§ **RECORDS TO USE**
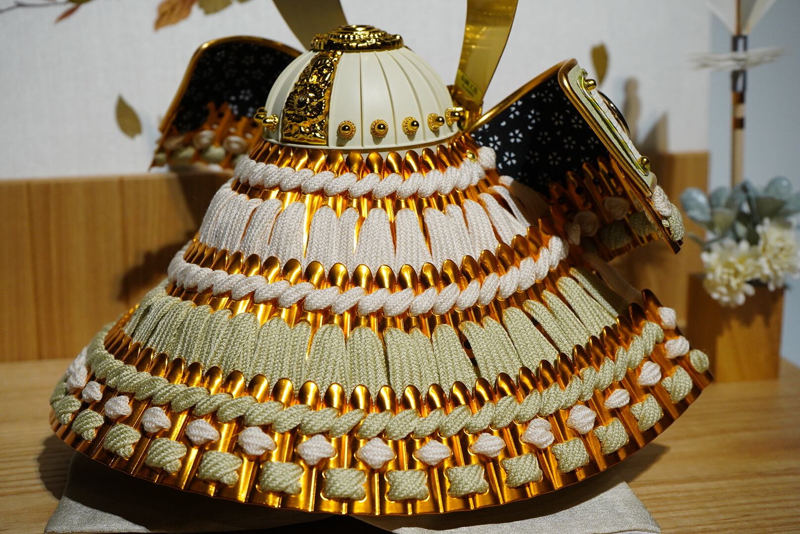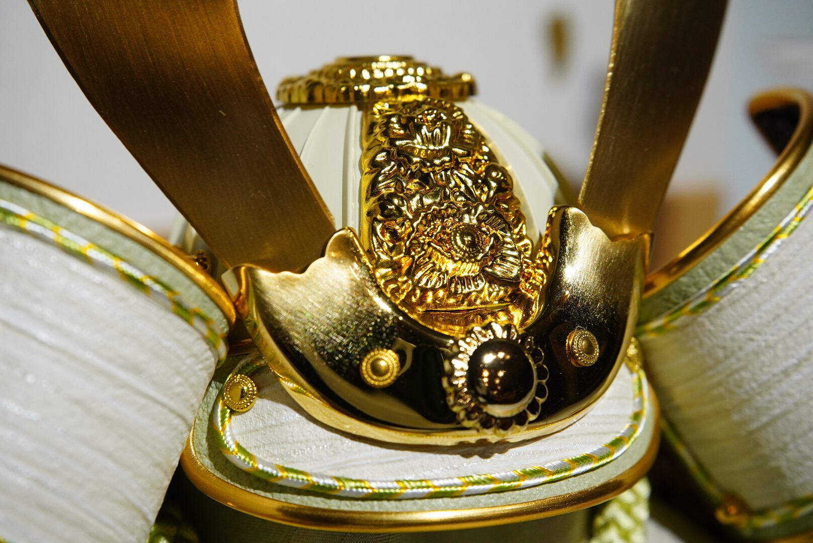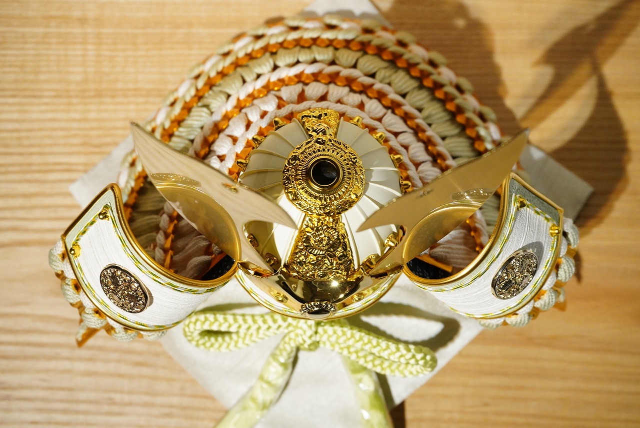 鍬形には穏やかな金色の輝きを施し、柔らかな光を受けて上品な存在感を放ちます。小札や金具は淡い色味でまとめられ、白を基調とした兜に自然に溶け込みながら、繊細な装飾がさりげなく高級感を演出しています。淡い若草色の組紐が、全体に清々しさと品の良いアクセントを添えています。
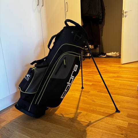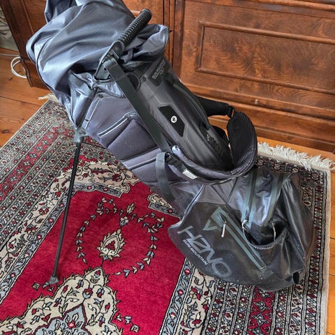 Sun Mountain H2NO bag i svart, vattentät och 5 st fickor varav en är ett kylfack. Den är delar i 14 fack för klubborna perfekt en för varje klubba så då inte slår i varandra. Går att bära som en ryggsäck och jag ben som fälls ut så den kan stå stadigt på marken.
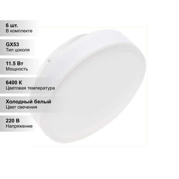 (6 шт.) Светодиодная лампочка Ecola 11,5Вт 220В 6400K GX53 информация:
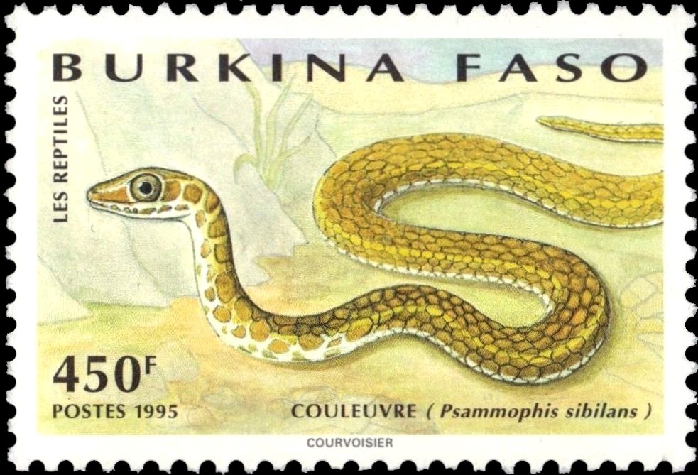 Visibility: public Image owner: none postage 12/31/1995 450fr multi dt=reptiles (1995 Burkina Faso) d=Psammophis sibilans unwmk Crops No visible images cropped from this one. Measurements Resolution is unknown. Source Source name: Colnect File URL: http://i.colnect.net/b/2631/936/Striped-Sand-Snake-Psammophis-sibilans.jpg Uploaded June 23, 2015, 4:57 pm by Stan Shebs |
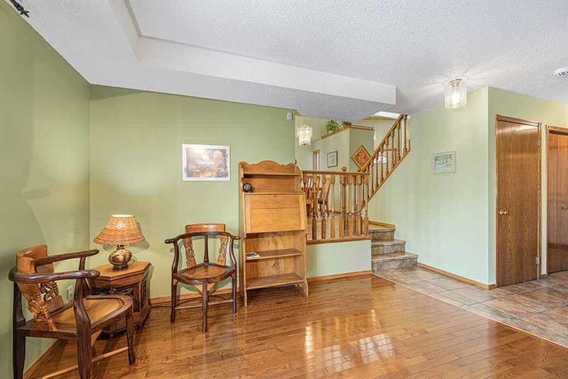 OPEN HOUSE 1-3 pm Saturday & Sunday, September 27th & 28th. Welcome to this beautifully maintained family home tucked away on a quiet street in Lake Sundance. Offering over 2,200 sq. ft. of comfortable living space, this 4-bedroom, 4-bathroom residence combines timeless character with modern updates—plus the bonus of no front sidewalk and a no-grass, low-maintenance yard, meaning less shoveling in winter and more time to enjoy year-round living! Step into the sun-filled, south-facing living room where soaring vaulted ceilings create a bright and airy atmosphere. The spacious eat-in kitchen features abundant cabinetry and quartz countertops, and opens onto a large deck—perfect for summer barbecues and family gatherings (BBQ hookup included). The elegant formal dining room, also with vaulted ceilings and side windows, is ideal for hosting dinner parties. Relax in the cozy sunken family room, complete with wood wainscoting and a granite tile-faced fireplace. A versatile main-floor office (or bedroom) adds flexibility, while a nearby hallway provides washer/dryer hookups, garage access, and a convenient guest bathroom. Gleaming oak hardwood floors flow throughout the main level, adding warmth and sophistication. Up the hardwood staircase, you’ll find a private retreat with three bedrooms and a full family bath. The spacious primary suite features a 4-piece ensuite and walk-in closet, with hardwood flooring extending seamlessly across the upper level. The finished basement offers a versatile, extra-large recreation space—perfect for a games room, theatre, or both. A dedicated laundry room with sink and toilet adds convenience, while a large storage area and handy workbench provide plenty of utility. This poly-b–free home comes with thoughtful modern upgrades, including a high-efficiency furnace, on-demand hot water system, and central vacuum. The insulated garage is equipped with an electrical panel and a 220v plug, plus a Bluetooth-enabled garage door opener for added convenience. Outside, enjoy a massive low-maintenance deck with aluminum railing, complemented by an additional wood patio—ideal for larger gatherings. Two storage sheds and a secure RV parking stall with vinyl fencing complete the package. Live every day like a vacation at Lake Sundance! Residents enjoy private access to a 33-acre lake and 22-acre park with year-round activities—swimming, boating, fishing, skating, and more. With top-rated schools, nearby shopping, Fish Creek Park, and C-Train transit all close by, Sundance offers one of Calgary’s finest lake lifestyles. Take the 3D virtual tour for an in-depth look at this exceptional property!

§ **PROMPT**
Please print the lines exactly, from the top of the material through the line with "Visibility: public Image", and omit the pictures.

§ **WRITTEN RESPONSE**
 鍬形には穏やかな金色の輝きを施し、柔らかな光を受けて上品な存在感を放ちます。小札や金具は淡い色味でまとめられ、白を基調とした兜に自然に溶け込みながら、繊細な装飾がさりげなく高級感を演出しています。淡い若草色の組紐が、全体に清々しさと品の良いアクセントを添えています。
 Sun Mountain H2NO bag i svart, vattentät och 5 st fickor varav en är ett kylfack. Den är delar i 14 fack för klubborna perfekt en för varje klubba så då inte slår i varandra. Går att bära som en ryggsäck och jag ben som fälls ut så den kan stå stadigt på marken.
 (6 шт.) Светодиодная лампочка Ecola 11,5Вт 220В 6400K GX53 информация:
 Visibility: public Image owner: none postage 12/31/1995 450fr multi dt=reptiles (1995 Burkina Faso) d=Psammophis sibilans unwmk Crops No visible images cropped from this one. Measurements Resolution is unknown. Source Source name: Colnect File URL: http://i.colnect.net/b/2631/936/Striped-Sand-Snake-Psammophis-sibilans.jpg Uploaded June 23, 2015, 4:57 pm by Stan Shebs |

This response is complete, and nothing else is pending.